Objective: Transforming growth factor (TGF)-beta is a critical factor in the progression of renal injury, regardless of the primary etiology. Such injury is characterized by glomerular sclerosis and tubulointerstitial fibrosis. To develop a ribozyme-based therapy for progressive renal diseases, we examined the effects of chimeric DNA-RNA hammerhead ribozyme targeting TGF-beta1 mRNA on glomerulosclerosis in salt-loaded, stroke-prone spontaneously hypertensive rats (SHR-SP) and salt-sensitive Dahl (Dahl-S) rats.
Methods: The chimeric DNA-RNA ribozyme to TGF-beta1 was delivered by polyethylenimine to cultured mesangial cells from SHR-SP in vitro and to glomeruli in SHR-SP in vivo. The chimeric ribozyme reduced expression of TGF-beta1 mRNA and protein, which was accompanied by inhibition of expression of extracellular matrix molecules such as fibronectin and collagen type I in mesangial cells from SHR-SP in vitro.

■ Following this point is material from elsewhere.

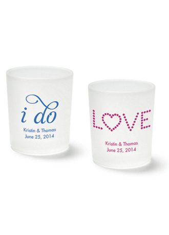 Add your unique style to these frosted glass votive candle holders for an extra special detail! Whether it's indoor or outdoor, beach or ballroom -- these personalized votive candle holders add to your decor and make a wonderful wedding favor for your guests to take home. Personalize with your choice of a variety of designs, in a variety of ink colors.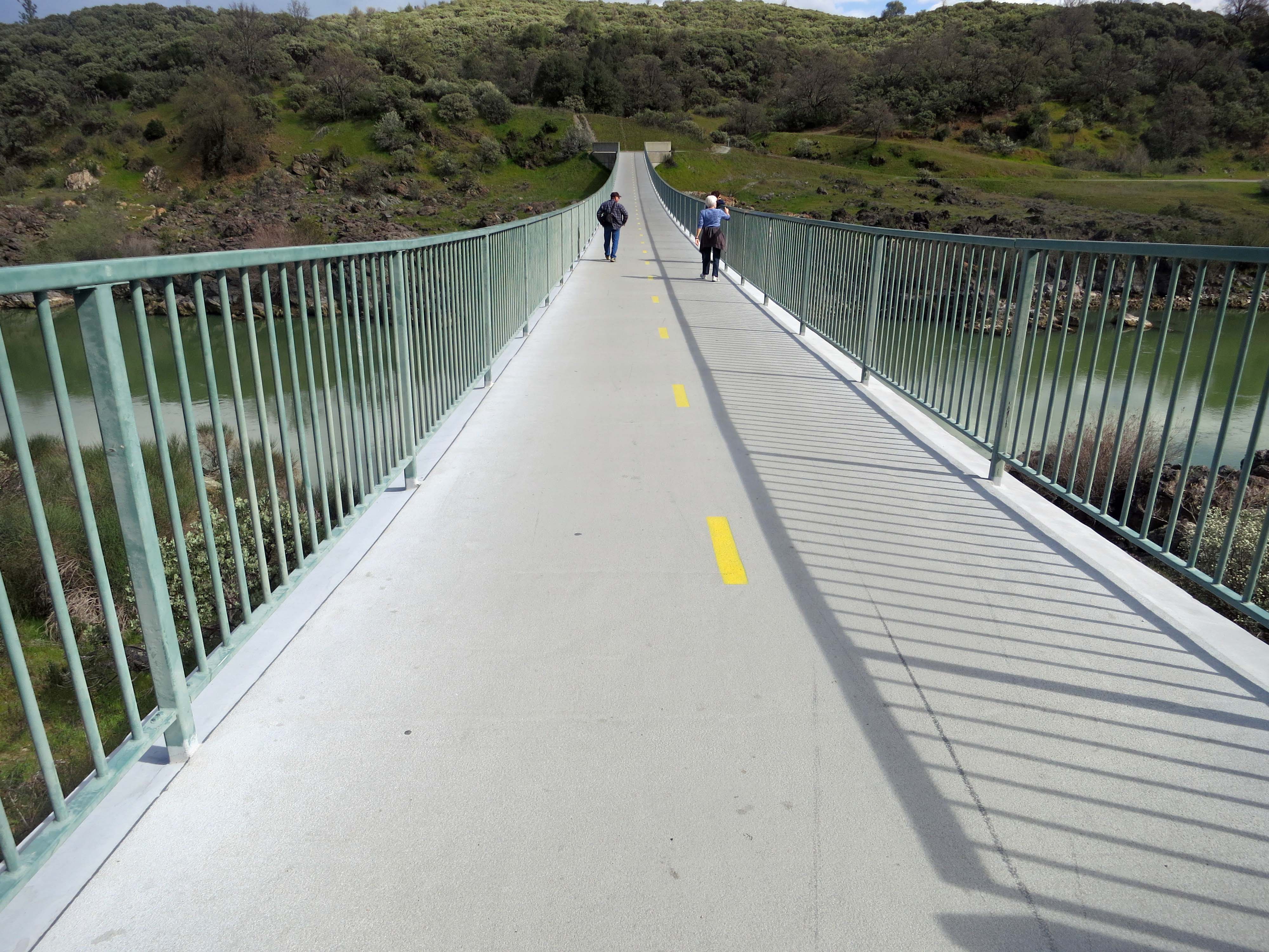 Peggy, along with our friends, Ken and Leslie, are half way across the 13-foot-wide, 418-foot-long bike bridge.

Results: One intraperitoneal injection of 200 microg of chimeric DNA-RNA ribozyme to TGF-beta1 in vivo markedly ameliorated thickening of capillary artery walls and glomerulosclerosis in salt-loaded SHR-SP and Dahl-S rats without a reduction in blood pressure. The chimeric ribozyme reduced expression of TGF-beta1 and connective tissue growth factor (CTGF) mRNAs in renal cortex in salt-loaded Dahl-S rats. Chimeric ribozyme to TGF-beta1 significantly reduced levels of protein in urine in the Dahl-S rats.
Conclusion: These results suggest that chimeric DNA-RNA ribozyme to TGF-beta1 may be useful as a gene therapy for progressive tissue injury in a wide variety of renal diseases, including hypertensive nephrosclerosis.